DATA EXCERPTS: Begin

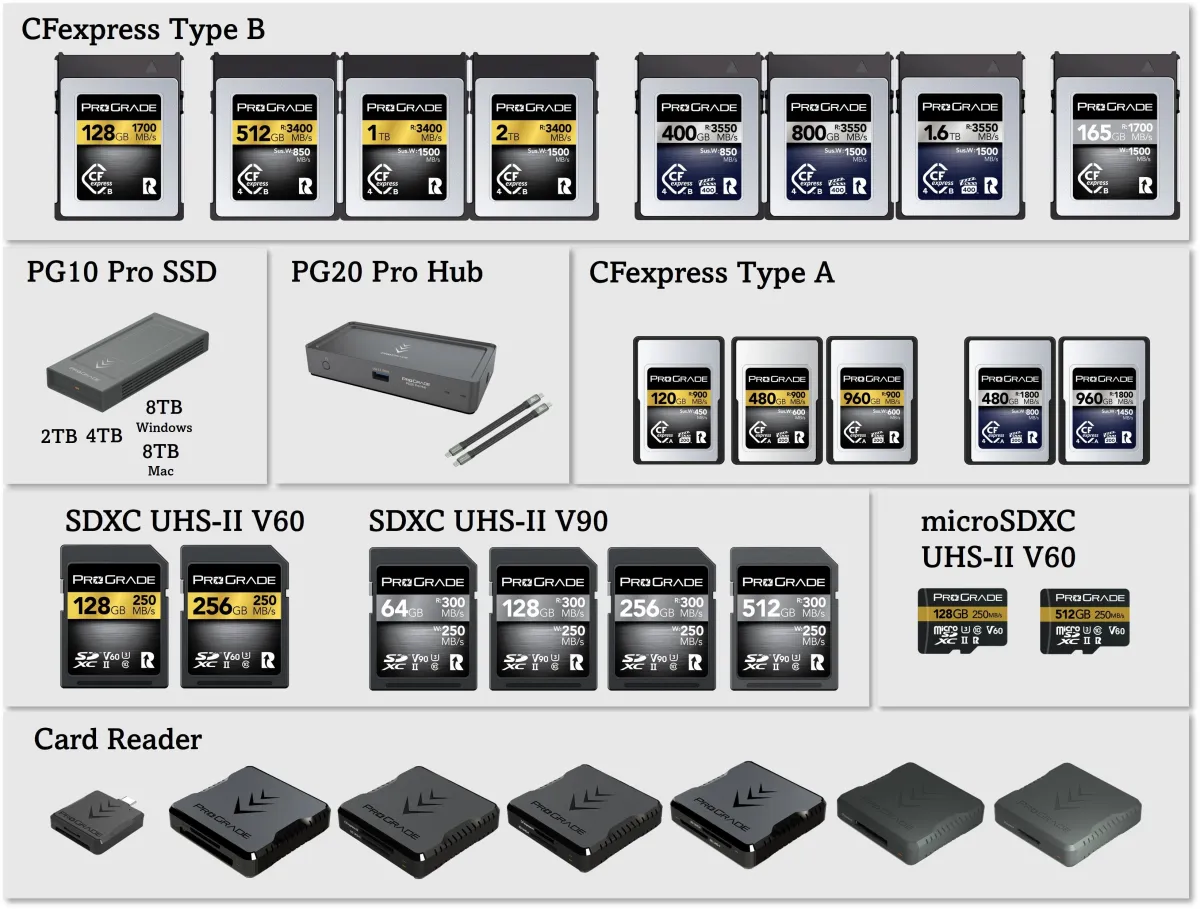ProGrade Digitalの製品は、高い耐久性と安定性が求められる撮影シーンでも信頼されています。特にCFexpressカードは、データ転送速度が非常に速いため、4Kや8Kの映像を扱うプロのカメラマンにも最適です。加えて、SDXC UHS-II V90カードも、ビデオやハイレゾ音源を扱うユーザーにとってはマストアイテムです。
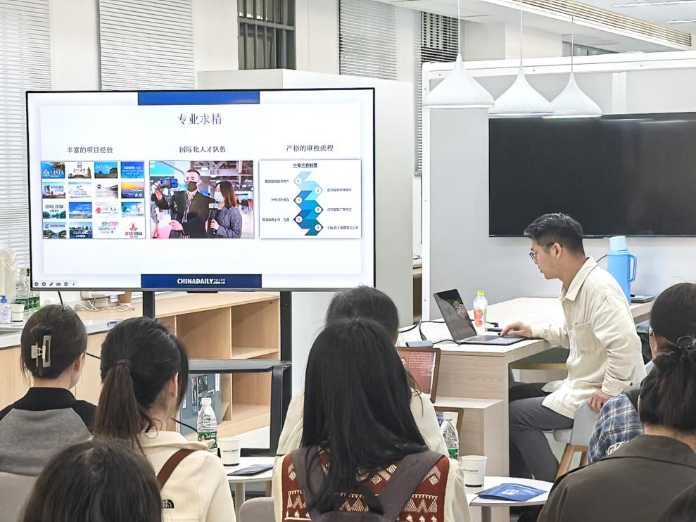 活动伊始,吴科颖致开场词,对中国日报网无锡公司的到来表示诚挚的欢迎。她简要介绍了外国语学院的办学特色与学科优势,同时向学生们阐述了中国日报网在新闻传播领域的卓越影响力及其行业内的领先地位。她指出,长期以来,学院学生一直将CHINADAILY作为重要的学习平台,在英语学习、国际视野拓展以及跨文化交流等方面受益匪浅。她希望同学们能够珍惜此次难得的交流机会,积极与企业代表互动,汲取更多宝贵经验。
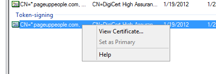 - Select the certificate located under Token-signing.
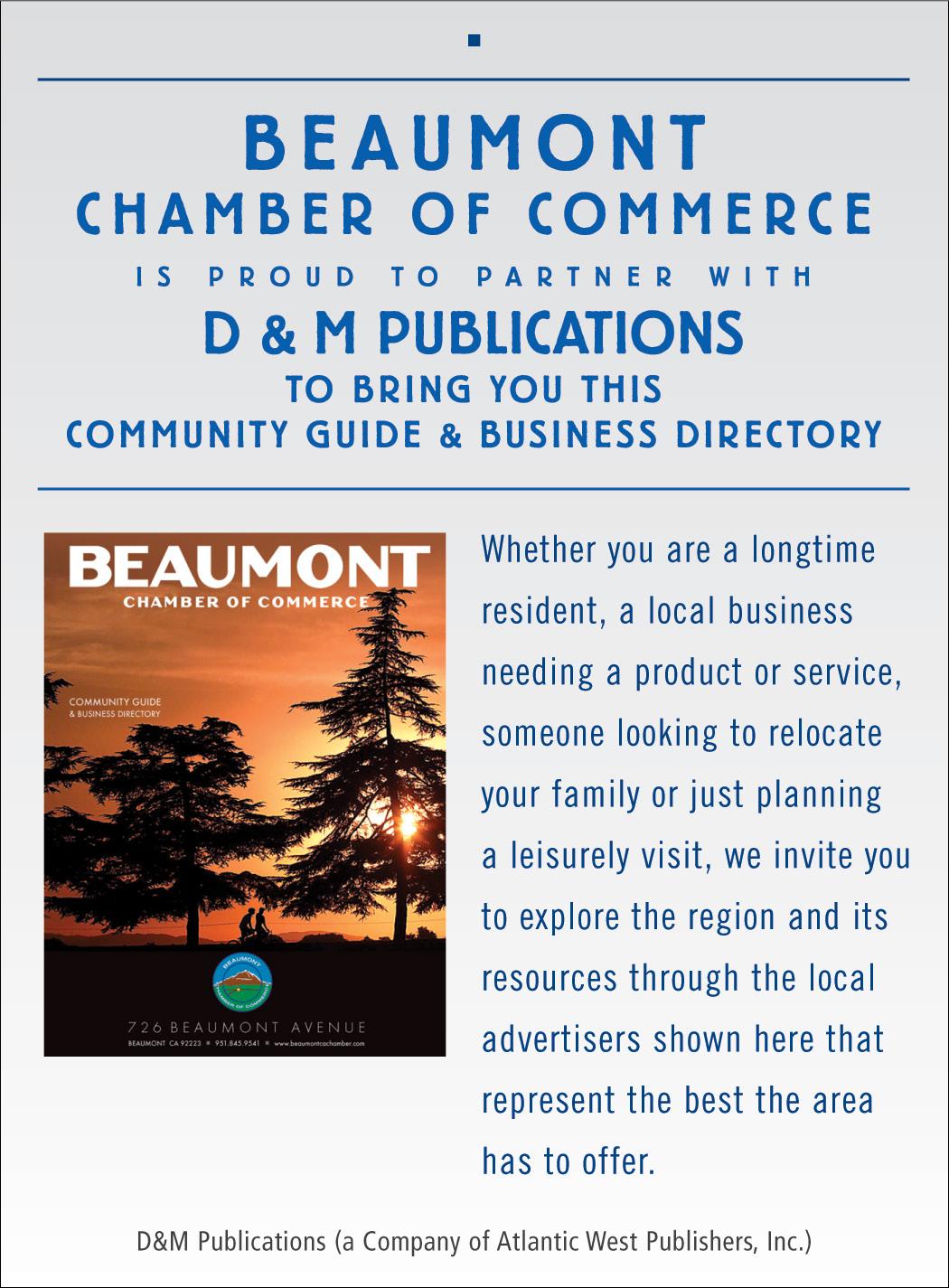 Some people, however, set down roots, drawn by the beautiful Mountain vistas; clean, crisp air; and the abundance of cherry and apple orchards. Beaumont is proud of these early settlers and their families, many of whom continue to live and thrive in Beaumont. We invite you to explore the pages on the City website, www.ci.beaumont.ca.us, and discover why Beaumont is so proud of its past…and so excited about its future.
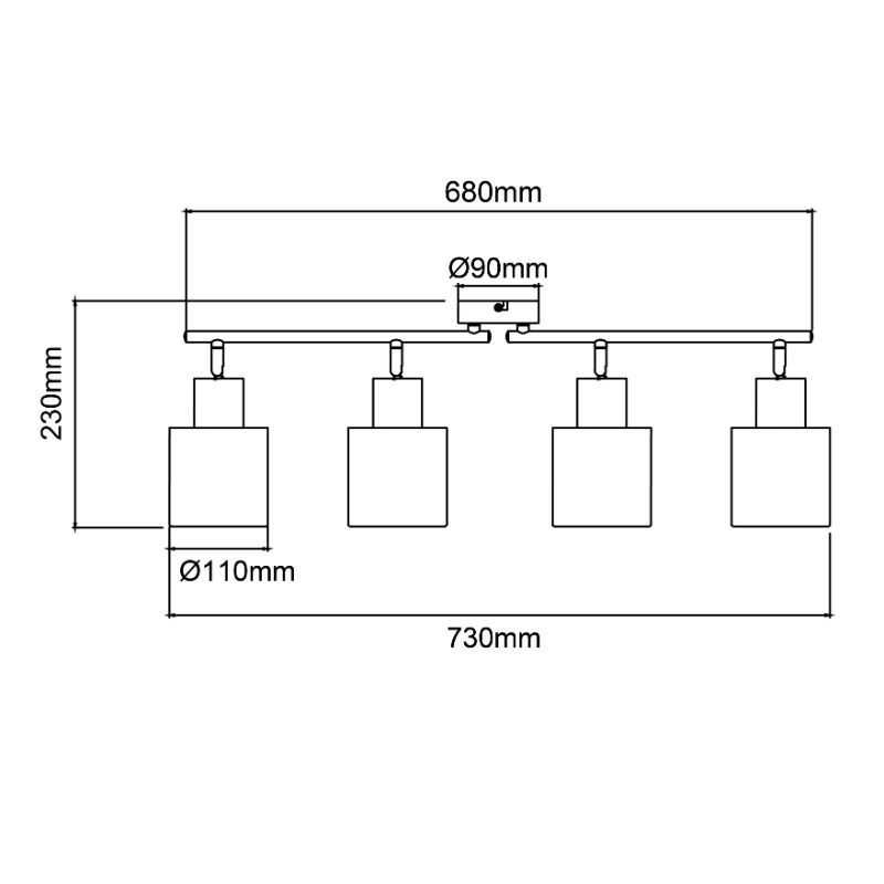 Produktinformatik Maximale Watt 40 Anschlussspannung 220-240V Anzahl der Lampen 4 Fassung E27 Produktinformatik Inkl. Licht Nein Breite in cm 11 Gewicht in kg 1.458 Höhe in cm 23 Länge in cm 73 Dimmbar Ja (nicht enthalten) Garantie 2 Jahre IP-Wert IP20 (staubdicht) Farbe Grau, Schwarz Material Metall, Glas Stil Modern Artikelnummer Q79820
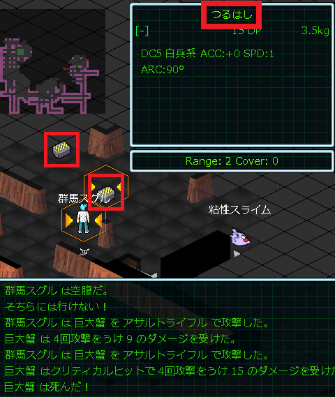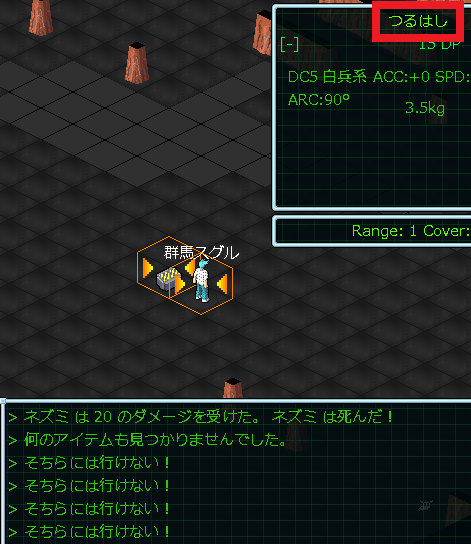 地下3階に特別なアイテムは落ちていない。ゆえに退屈な探索になると思っていたら「つるはし」が落ちているのに気づいた。つるはしは近接戦闘用の武器だ。KiRinメガマートで見たことがある。

DATA EXCERPTS: End

WHAT YOU HAVE TO DO -
From the line with "Produktinformatik Maximale Watt" to the last line above, restate each line word for word, but skip the pictures.

TASK RESULT -
 Produktinformatik Maximale Watt 40 Anschlussspannung 220-240V Anzahl der Lampen 4 Fassung E27 Produktinformatik Inkl. Licht Nein Breite in cm 11 Gewicht in kg 1.458 Höhe in cm 23 Länge in cm 73 Dimmbar Ja (nicht enthalten) Garantie 2 Jahre IP-Wert IP20 (staubdicht) Farbe Grau, Schwarz Material Metall, Glas Stil Modern Artikelnummer Q79820
 地下3階に特別なアイテムは落ちていない。ゆえに退屈な探索になると思っていたら「つるはし」が落ちているのに気づいた。つるはしは近接戦闘用の武器だ。KiRinメガマートで見たことがある。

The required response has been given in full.